Typical problems in the operation of wastewater are subsequently reported. Considering that the disposal of liquid hazardous waste via the sink is still practiced daily and commonly, the first indication of a problem is the large wastewater losses between the entry points (sinks, toilets, drains) and the arrival at an onsite treatment plant or tank or discharge point into a municipal sewerage system. Moreover the operation of wastewater-system monitoring is described, considering control of the sewerage system and the effluent quality: the most common parameters to be used for the evaluation of the effluent quality are listed (e.g., temperature, BOD5, presence, and concentration of Escherichia coli).

After the description of the best practices for management of the HWW, the WHO document treats the minimum approach necessary to manage the HWW. In particular, considering that in many health-care facilities in developing countries patients have no access to sewer-based sanitation facilities, human sanitation is often by pit latrines or something similar, and, at worst, by open defecation in the grounds of the health-care facility or nearby, the WHO guidelines underline the prime importance of providing access to adequate sanitation in every health-care facility by providing sufficient toilets. Moreover when no other way for hazardous liquid waste disposal is available, the text describes the management of the main liquid waste using the appropriate Personal Protective Equipment (PPE). For example stool, vomit, and mucus from highly infectious patients (e.g., cholera patients) should be collected separately and thermally treated before disposal (e.g., by an autoclave reserved for waste treatment). Lime milk (calcium oxide) can be used during emergencies and if no autoclave or appropriate disinfectants are available. The WHO Guidelines report a useful scheme of a basic hospital wastewater-treatment system consisting of a primary and secondary treatment stage, which is considered as the minimum treatment for primary and secondary level rural hospitals (Fig. 1).

Fig. 1
figure 1

Basic hospital wastewater-treatment system with two treatment stages [23]. BOD biological oxygen demand, MPN most probable number, UASB upflow anaerobic sludge blanket

Finally the WHO Guidelines indicate desirable improvements to the minimum approach, divided into enhancements to the minimum (e.g., set up a budget line to cover wastewater-treatment costs; enforce liquid hazardous waste management; segregate and pretreat hazardous waste, etc.) and enhancements for intermediate approaches (e.g., disinfect the wastewater by UV or change to chlorine dioxide or ozone; regularly inspect the sewerage system and repair whenever necessary). In conclusion a table that lists the key points to remember is presented (Table 3).

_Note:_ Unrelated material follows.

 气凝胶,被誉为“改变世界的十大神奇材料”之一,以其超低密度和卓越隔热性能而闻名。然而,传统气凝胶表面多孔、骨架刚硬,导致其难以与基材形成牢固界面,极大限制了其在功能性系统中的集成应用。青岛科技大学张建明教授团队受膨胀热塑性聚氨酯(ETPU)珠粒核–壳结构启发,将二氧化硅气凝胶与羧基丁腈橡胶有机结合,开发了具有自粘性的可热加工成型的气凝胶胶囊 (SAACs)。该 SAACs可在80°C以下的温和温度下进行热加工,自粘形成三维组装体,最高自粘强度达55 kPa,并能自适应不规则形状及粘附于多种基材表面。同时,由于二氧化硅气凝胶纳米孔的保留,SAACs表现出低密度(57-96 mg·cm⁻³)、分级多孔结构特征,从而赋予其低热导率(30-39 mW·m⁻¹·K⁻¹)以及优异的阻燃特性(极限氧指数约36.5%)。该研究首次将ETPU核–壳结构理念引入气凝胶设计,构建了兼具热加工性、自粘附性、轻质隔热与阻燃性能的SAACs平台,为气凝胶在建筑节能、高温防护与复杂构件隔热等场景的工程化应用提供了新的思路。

Table 3 Key points to remember [23]

3.2 EPA Guidelines

In the USA, the major environmental law governing surface water discharges is the Clean Water Act (CWA) [24]. The EPA, states, and local city pretreatment programs implement the CWA through publication of specific regulations and discharge permits for point sources of wastewater pollution. Each discharge to the surface waters or municipal wastewater treatment plants (called publicly owned treatment works, POTWs) must comply with the more stringent of the technology-based standards (“effluent guidelines”) and local-site specific effluent limitations (“local limits”).

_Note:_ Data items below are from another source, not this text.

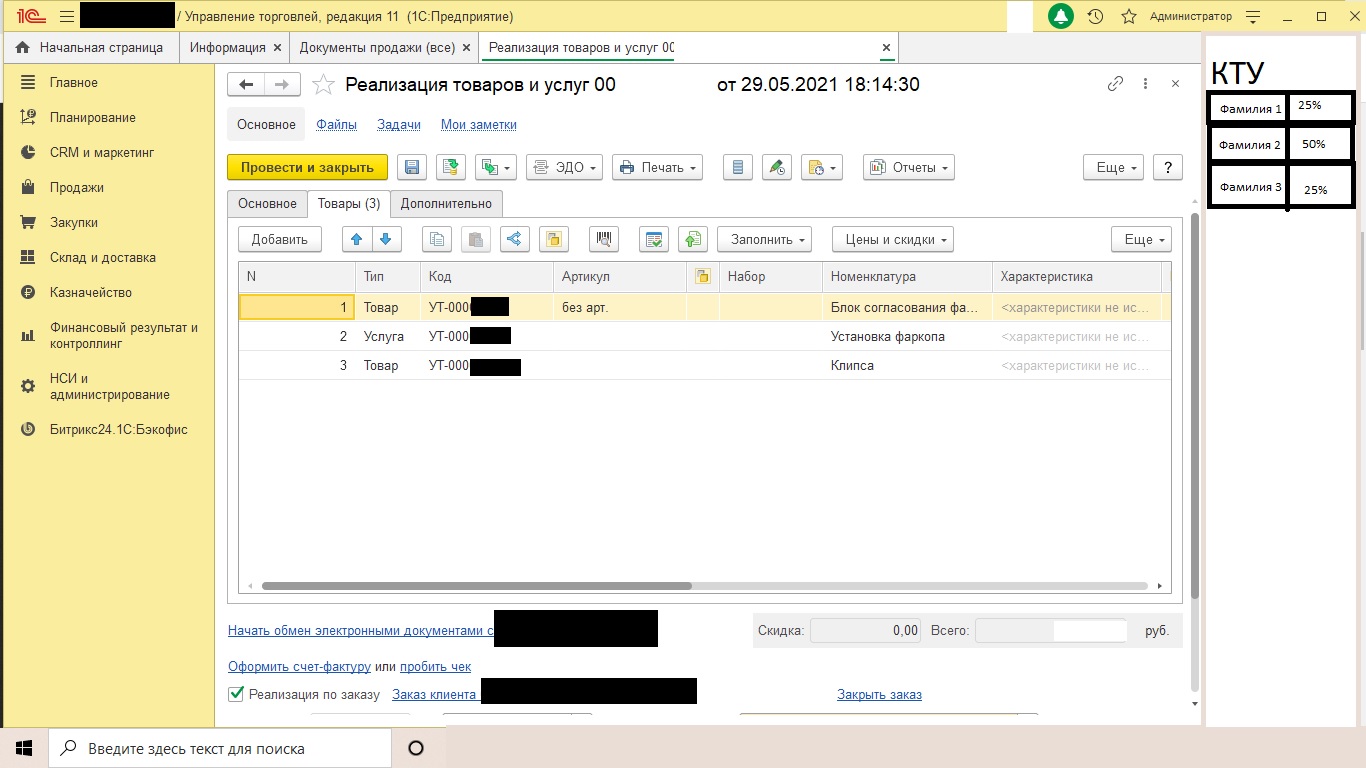 Сделать возможность оценивать объем выполненных работ и проданных товаров (Коэффициент трудового участия (КТУ)) одновременно для нескольких пользователей по каждой строчке в списке товары в документах (Реализация товаров и услуг).
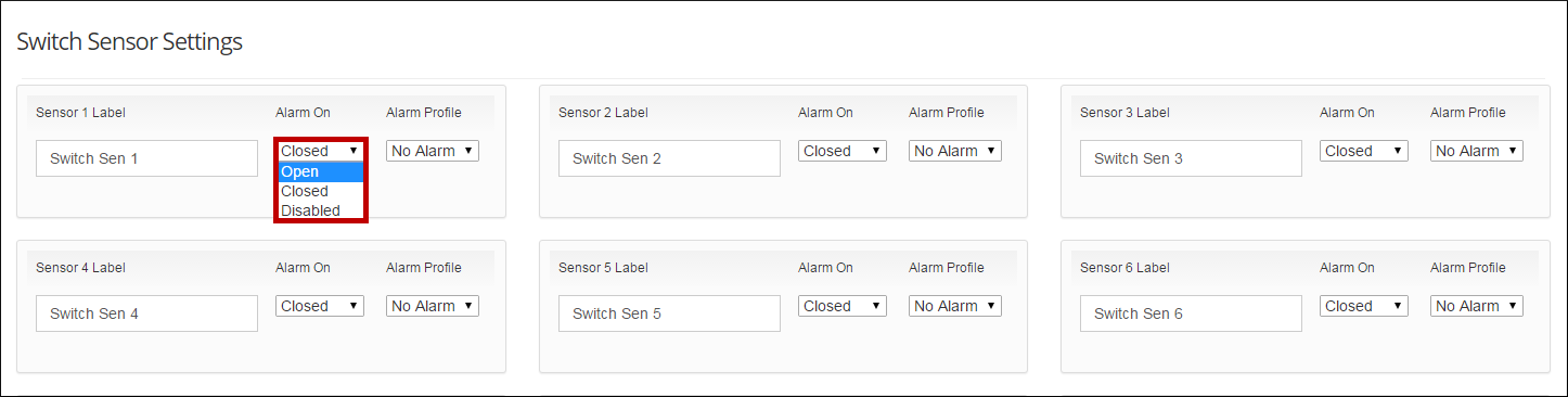 6. To generate an alarm (and change the Status page appearance to a red X) when the switch goes into an OPEN state, select Open from the drop-down list.
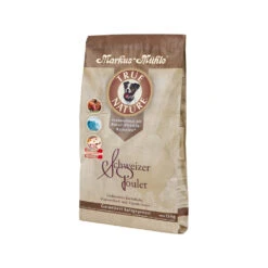 De hondenvoeding van Markus-Mühle True Nature is rijk aan voedingsvezels en bevat het Aquamin-vitamine-complex. Dit complex bestaat onder andere uit zeealgen, mosselen, vis uit de ijszee en kreeftachtigen. Deze zeevruchten bevatten 100% natuurlijke vitaminen, mineralen en sporenelementen die bijdragen aan de gezondheid van uw hond. Het vlees in Markus-Mühle True Nature is afkomstig van Zwitserse vrije uitloopkippen. Dit kippenvlees heeft een laag vetgehalte.
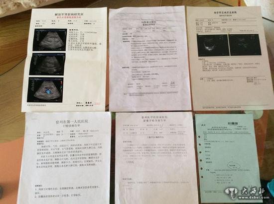 刘永伟展示他在不同医院做的六次检查的诊断结果。
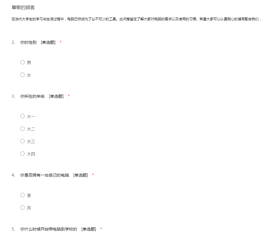 在当代大学生的学习与生活过程中,电脑已然成为了必不可少的工具。此问卷旨在了解大家对电脑的需求以及使用的习惯。希望大家可以认真耐心的填写配合我们,谢谢大家。

Effluent limitation guidelines and standards (ELGs) are an essential element of the nation’s clean water program, which was established by the 1972 amendments to the CWA. ELGs are technology-based regulations used to control industrial wastewater discharges. The EPA issues ELGs for new and existing sources that discharge directly to surface waters, as well as those that discharge to POTWs (indirect dischargers). ELGs are applied in discharge permits as limits to the pollutants that facilities may discharge. To date, the EPA has established ELGs to regulate wastewater discharges from 58 categories of point-sources. This regulatory program substantially reduces industrial wastewater pollution and continues to be a critical aspect of the effort to clean the nation’s waters. In addition to developing new ELGs, the CWA requires EPA to revise existing ELGs when appropriate. Over the years, the EPA has revised ELGs in response to developments such as advances in treatment technology and changes in industry processes. To continue its efforts to reduce industrial wastewater pollution and fulfill CWA requirements, the EPA conducts an annual review and effluent guidelines planning process. The annual review and planning process has three main objectives: (1) to review existing ELGs to identify candidates for revision, (2) to identify new categories of direct dischargers for possible development of ELGs, and (3) to identify new categories of indirect dischargers for possible development of pretreatment standards [25].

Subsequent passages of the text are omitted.